Let's build a separate model for each type of coupling. Dataset is split into 5 pieces and in this kernel we will use only 3 folds for speed up.

Main tuning parameter is the number of atoms. I took good numbers, but accuracy can be improved a bit by tuning them for each type.

In [None]:
submission = submission_csv.copy()

#cv_scores = {}
for coupling_type in model_params.keys():
    cv_score = train_and_predict_for_one_coupling_type(
        coupling_type, submission, n_atoms=model_params[coupling_type])

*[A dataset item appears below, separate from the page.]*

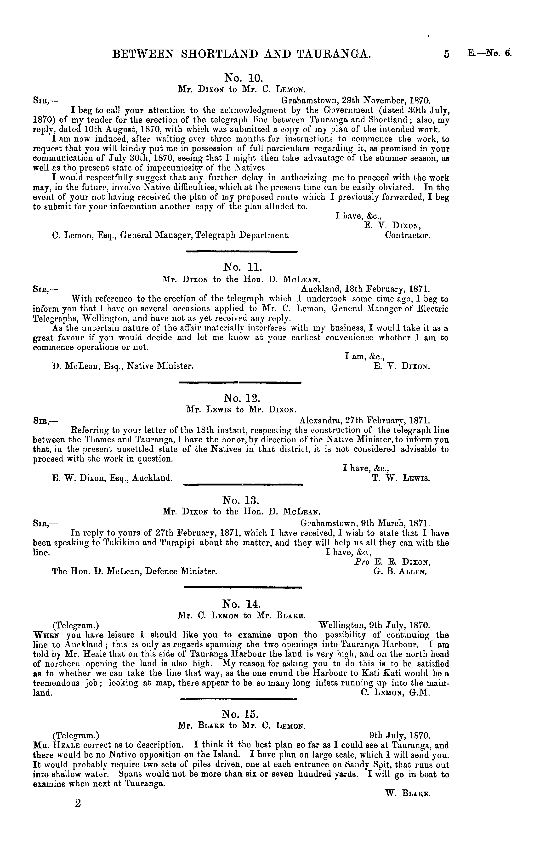 No. 10. Mr. Dixon to Mr. C. Lemon. Sic, — Grahamstown, 29th November, 1870. I beg to call your attention to the acknowledgment by the Government (dated 30th July, 1870) of my tender for the erection of the telegraph line between Tauranga and Shortland; also, my reply, dated 10th August, 1870, with which was submiited a copy of my plan of the intended work. I am now induced, after waiting over three months for instructions to commence the work, to request that you will kindly put me in possession of full particulars regarding it, as promised in your communication of July 30th, 1870, seeing that I might then take advantage of the summer season, as well as the present state of impecuniosity of tho Natives. I would respectfully suggest that any further delay in authorizing me to proceed with the work may, in the future, involve Native difficulties, which at the present time can be easily obviated. In the event of your not having received the plan of my proposed route which I previously forwarded, I beg to submit for your information another copy of the plan alluded to. I have, Ac, E. V. Dixon, C. Lemon, Esq., General Manager, Telegraph Department. Contractor.

Checking cross-validation scores for each type:

In [None]:
# pd.DataFrame({'type': list(cv_scores.keys()), 'cv_score': list(cv_scores.values())})

And cv mean score:

In [None]:
#np.mean(list(cv_scores.values()))

Sanity check for all cells to be filled with predictions:

In [None]:
submission[submission['scalar_coupling_constant'] == 0].shape

In [None]:
submission.head(10)

In [None]:
submission.to_csv(f'{SUBMISSIONS_PATH}/submission.csv')

## Room for improvement

There are many steps, how to improve the score for this kernel:
* Tune LGB hyperparameters - I did nothing for this
* Tune number of atoms for each type
* Try to add other features
* Play with categorical features for atom types (one-hot-encoding, CatBoost?)
* Try other tree libraries

Also, this representation fails badly on `*JHC` coupling types. The main reason for this is that 3rd and 4th atoms are usually located on the same distance and representation starts "jittering" randomly picking one of them. So, two similar configurations will have different representation due to usage of 3/4 of 4/3 distances.

The biggest challenge would be to implement handcrafted KNN with some compiled language(Rust, C++, C).

Would be cool to see this kernel forked and addressed some of the issues with higher LB score.